外で見るのと、内に入って見るのとでは大違い、と言いたい訳だが、「ローマ教皇庁」と「オンナを片手にドンチャン騒ぎ」する高僧を持ち出して、言い得て妙のたとえをしたつもりなのだろうか。「メッカに巡礼してみたら、そこはノーパンしゃぶしゃぶ状態だった、そんな感じ」と書いたらどうなるか。
どうも、文章に自信のある新聞記者さんは、ハンパに薀蓄を傾ける、余計なレトリックが多すぎるように思える。この本は「まえがき」の10ページにして、よせばいいのに変なヘディングをして、レッドカードで退場ものだ。バチカン(イタリア)を敵に回したら、勝ち目はないぞよ。
(でも、内部告発は面白いので、読んでみてね)
■つぶやき:『文体とパスの精度』では、日本のメディアがインタビューするときの、あきれるほどのワンパターンを批判している。どこのメディアも、1)苦労話、2)きっかけ、3)秘訣、の3つばかりを訊くんだとさ。簡単に先が読まれるパスは、インターセプトされまくりだ。「取材とパスの精度」という本もほしいなぁ。
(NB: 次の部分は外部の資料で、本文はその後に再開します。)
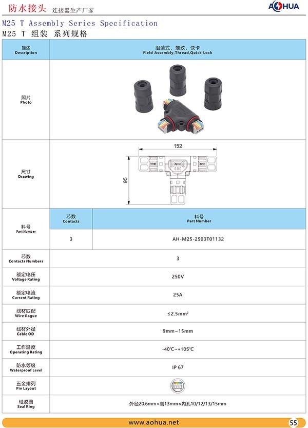 AHUA澳華M25軌道交通防水插頭三通防水連接器免焊接插頭
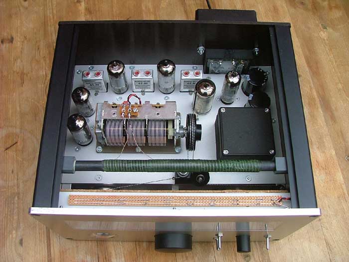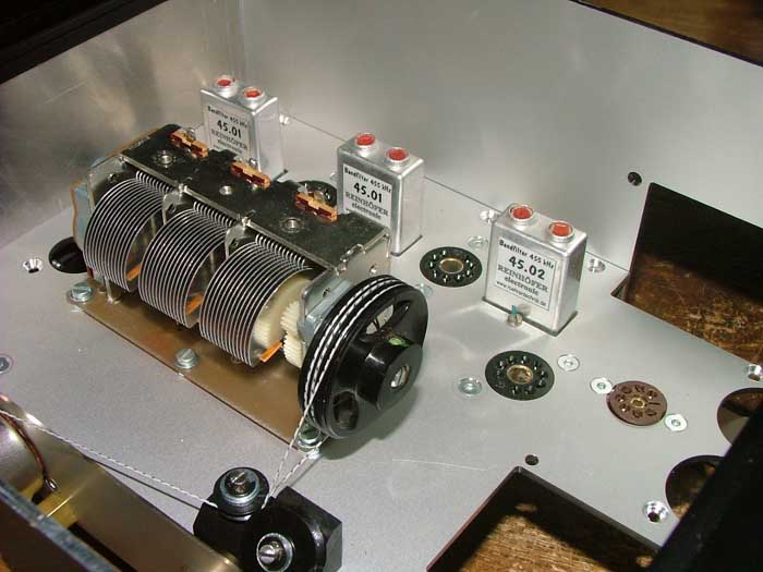 Um kürzeste Verbindungen zu erhalten, liegen alle Elemente der Eingangsschaltung, wie Antennen- Anpassungsübertrager, Bandfilter, Trimmer, Relais und Zf- Saugkreis inklusive der Oszillatorspule auf einer Platine unterhalb des Dreifachdrehkos.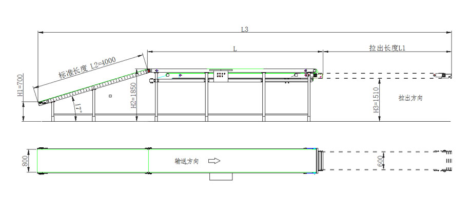 2、 抽屜輸送機可以在長度方向上自由推拉,根據裝貨的需求,人力拉動,自動控制抽屜輸送機在車內的長度,減免了人工往返搬運物料的距離,縮短裝卸貨的時間。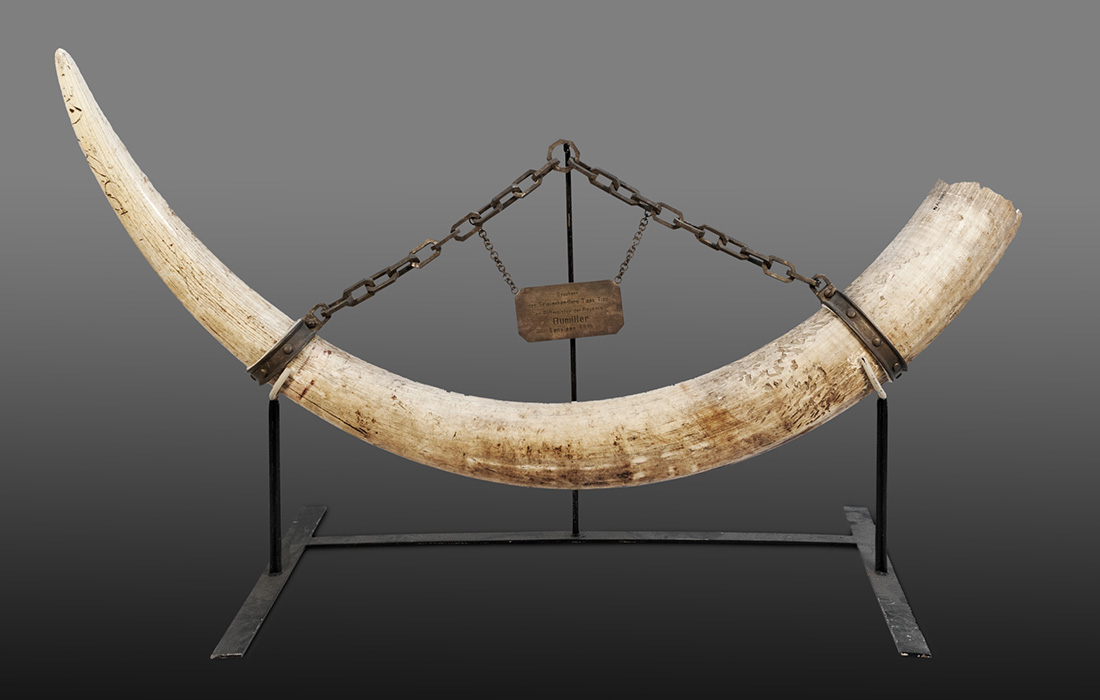 Theodor Bumiller in kolonialer Pose mit ungenannten Soldaten und Teilnehmern einer Militärexpedition in Deutsch-Ostafrika, zw. 1889-1893 / Elefantenstoßzahn als Geschenk des ostafrikanischen Sklaven- und Elfenbeinhändlers Tippu-Tip an Theodor Bumiller in der Weltkulturen-Sammlung der Reiss-Engelhonr-Museen; mit alter Ausstellungsmontage aus den 1920er/30er JahrenReiss-Engelhorn-Museen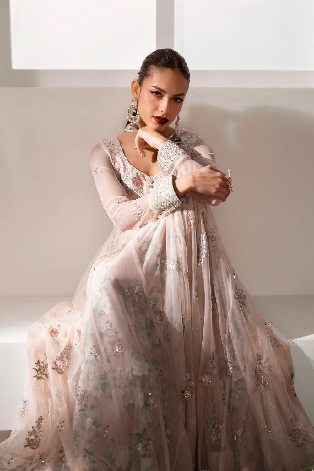 This beautiful suit features a sophisticated and elegant design in a classic white and lilac color palette. The long tunic is a pristine white, adorned with intricate floral and scroll embroidery in a deep indigo blue. The detailed work extends across the bodice and the full sleeves, creating a rich and elaborate pattern. The tunic’s hemline and sleeves are finished with a delicate, scalloped trim, adding a touch of softness. It is paired with simple, white wide-legged trouser, allowing the stunning top to be the focal point. This ensemble is a timeless and graceful choice for any special occasion.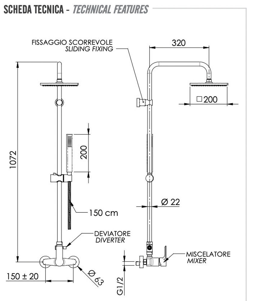 Душевая система Remer Energy EY37X7SS9SSBG, золото брашированное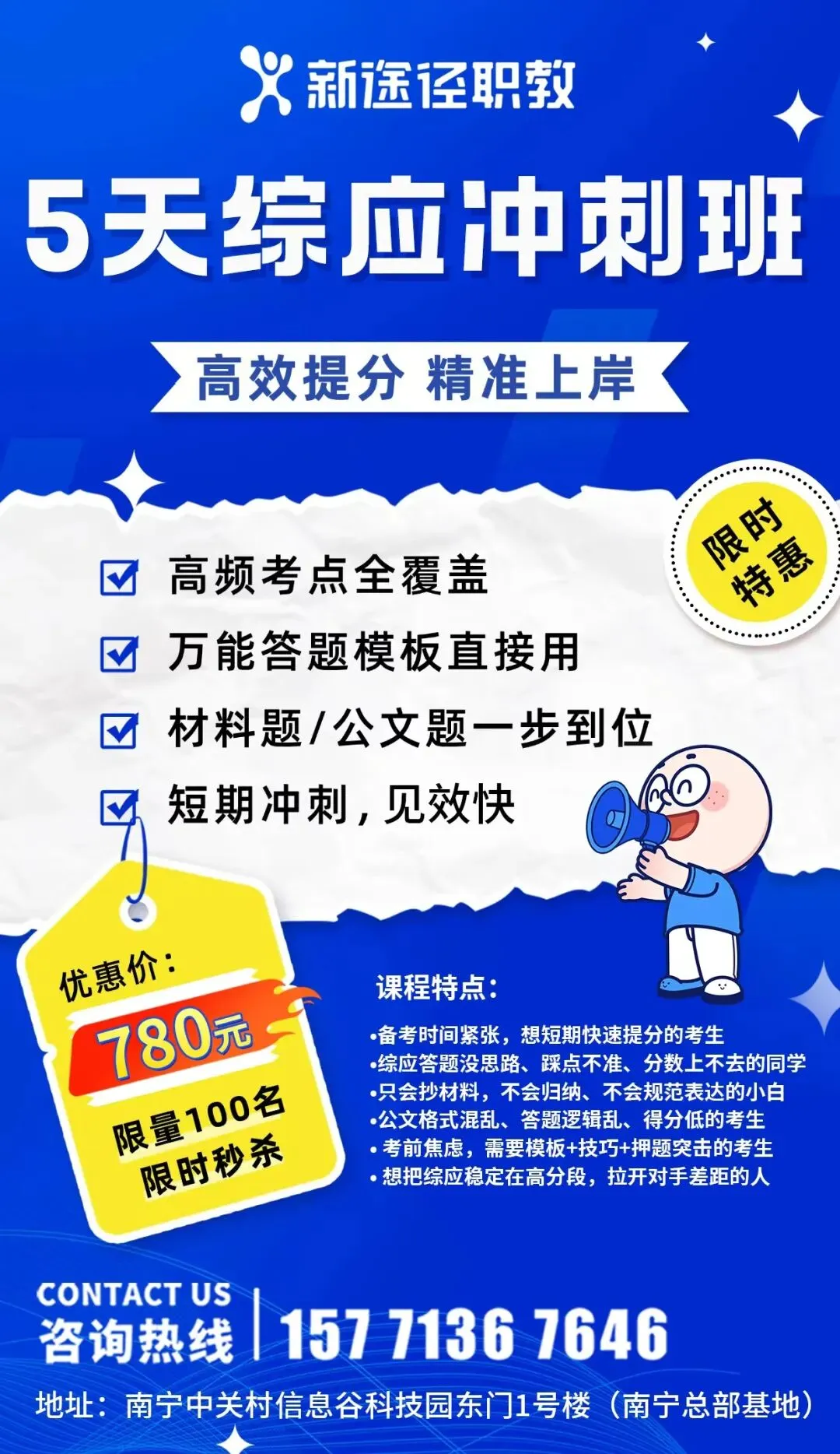 ✅ 考公专业团队:深耕广西国考培训多年,深谙广西考情、命题规律与岗位特点。教师团队均为经验丰富的公考专家,不仅理论功底扎实,更善于将复杂知识点转化为简单易懂的解题技巧,助你快速掌握考试要点。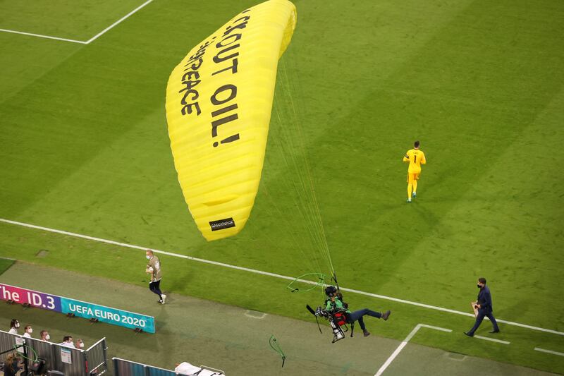 La UEFA se pronunció por el incidente que provocó un activista de la asociación ecologista Greenpeace que se estrelló contra la afición, en el estadio de Múnich, dejando varios heridos previo al partido entre Francia y Alemania por la Eurocopa. El hombre sobrevolaba en una especie de ultraligero.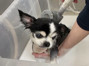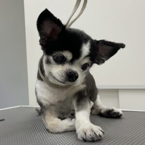 2ヶ月毎にオゾンマイクロナノバブル浴+炭酸泉浴のカットコースをご利用のチワワの17歳モモちゃんは体2㎜全バリのご注文です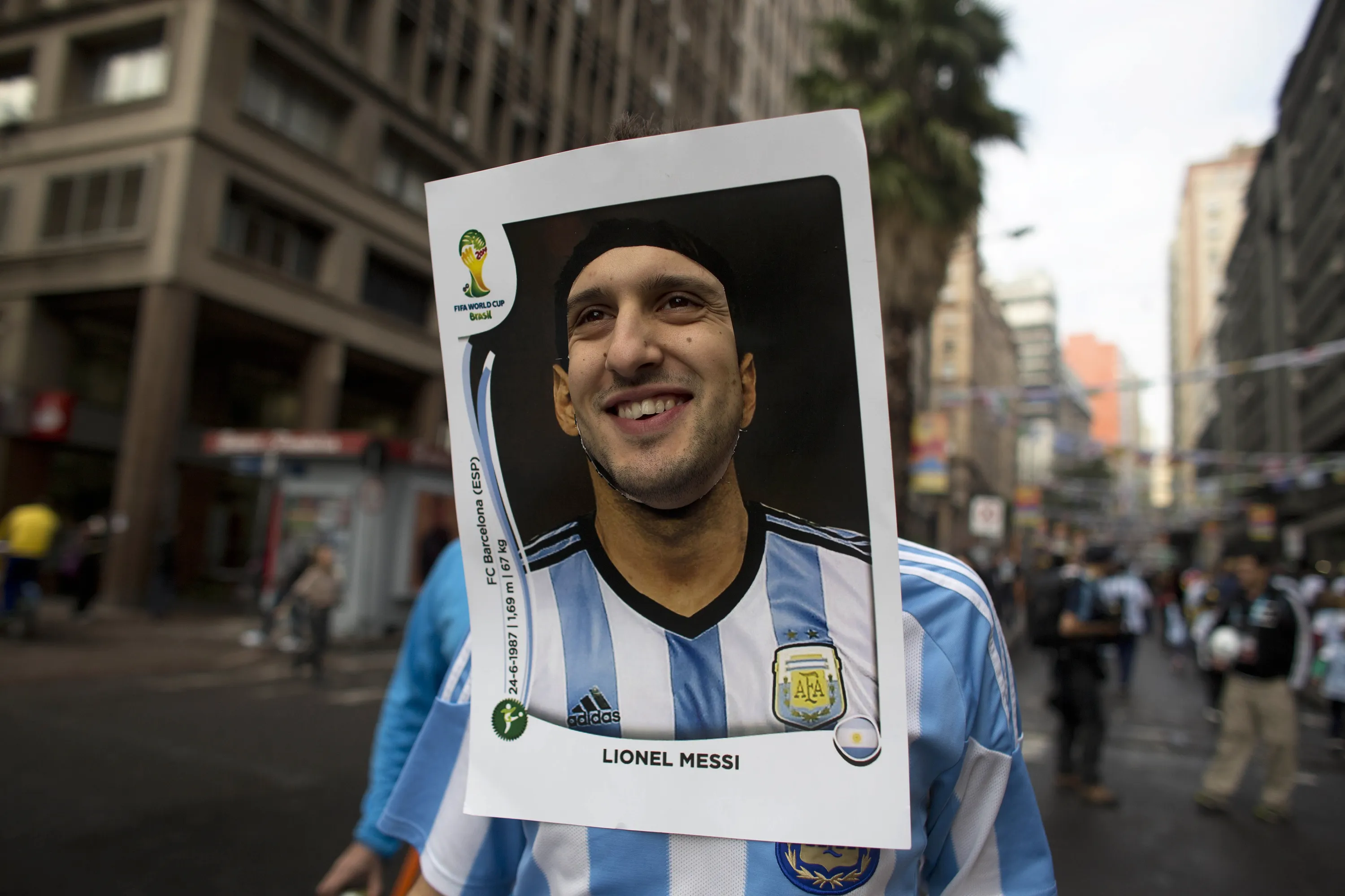 An Argentina soccer fan wears a cutout image of Argentine soccer star Lionel Messi as he heads to the stadium to see the World Cup match between Argentina and Nigeria in Porto Alegre, Brazil, Wednesday, June 25, 2014. (Photo by Dario Lopez-Mills/AP Photo)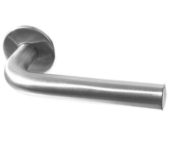 Radium Door Handles On Round Rose, Satin Stainless Steel (sold in pairs)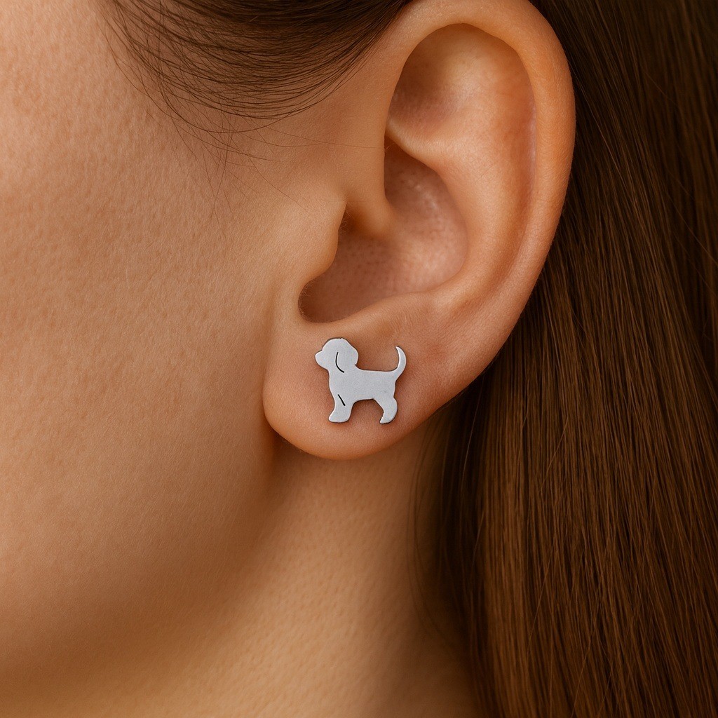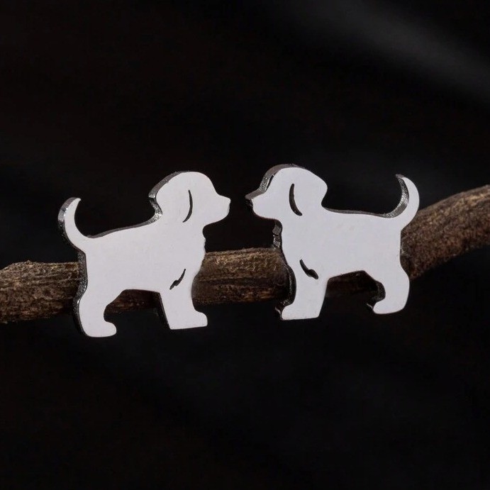 Silver Dog Earrings Puppy Stud Earrings Pet Animal Lover Jewelry Gift Stainless

>メディアがインタビューするときの、あきれるほどのワンパターン
あと、「日本のファンに一言」が抜けてますよ(笑)。
あと、「日本のメディアと電通に一言」も訊いてほしいなぁ。
(おめえらの都合で、炎天下でやらせるんじゃねぇよ!!)
あとは「大局を無視した願望のみの報道」とか。
今年のワールドカップがそれがひどかったようで。
http://xtc.bz/index.php?ID=396
『意見が違うというだけで、企業が個人に5000万円を求めるなんて!
これは武富士と同じ手口の言論封殺の恫喝訴訟じゃないのか。オリコンは雑誌だってたくさん出しているのだから、烏賀陽の言うことが間違っているのなら「烏賀陽のいうことはウソです。なぜなら××」と反論すればいいのだ。それこそがまっとうな「言論」というものじゃないのか。意見の異なる者を高額訴訟で社会的に抹殺するなんてのは、民事司法の体裁をとった言論妨害じゃないのか。』
『訴訟の対象になったのは、「サイゾー」06年4月号51ページの「ジャニーズは超VIP待遇!?事務所とオリコンの蜜月関係」という1ページの記事に掲載された烏賀陽のわずか20行ほどのコメントです。』
朝日の内情を暴露した烏賀陽に対するいやがらせか。オリコンとジャニーズの裏に何があるか。